Find real root of cubic equation $(x-1)^3 - (x-1) + 4 = 0$

Question

a) $$(x-1)^3 - (x-1) + 4 = 0$$ When I expanded, I got $$x^3 - 3x^2 + 2x + 4 = 0$$ however I do not know what to do next.

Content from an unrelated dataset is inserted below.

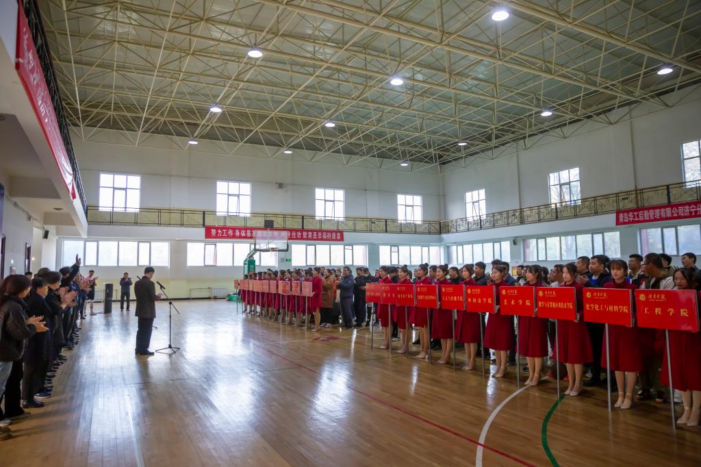 王清明宣布比赛开幕并为首场比赛开球。体育学院教师王霄、教师教育学院教师杨霖分别代表全体裁判员、全体运动员宣誓。赛场上,各队队员团结协作,顽强拼搏,场面激烈而精彩;赛场下学校领导、各单位负责人、教师及广大学生自发组织起拉拉队为场上球员呐喊助威。
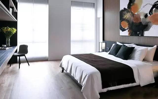 ▲床頭背景墻也被設(shè)計(jì)成木質(zhì)的,搭配衣服黑白的水墨畫后,別有一番意境。

b) $$8x^3 - 2x + 4 = 0$$ After I factored, I got $$2(4x^3 - x + 2) = 0$$ however I do not know what to do next.

Answer 1

For the cubic equation of the form $t^3 +pt + q = 0$, if $\frac{q^2}{4}+\frac{p^3}{27}>0$, use the Cardano's formula below for the analytic solution of the real root,

$$t= \left(-\frac q2+\sqrt{\frac{q^2}{4}+\frac{p^3}{27}}\right)^{1/3}+\left(-\frac q2-\sqrt{\frac{q^2}{4}+\frac{p^3}{27}}\right)^{1/3}\tag{1}$$

a) For $(x-1)^3 - (x-1) + 4 = 0$, we have $p=-1$ and $q=4$. Then, the real root is

$$x=1+\left( -2+\frac13\sqrt{\frac{107}{3}}\right)^{1/3}+\left( -2-\frac13\sqrt{\frac{107}{3}}\right)^{1/3}$$

b) For $8x^3 - 2x + 4 = 0$, we have $p=-\frac14$ and $q=\frac12$. Plug $p$ and $q$ into (1) to get the real root.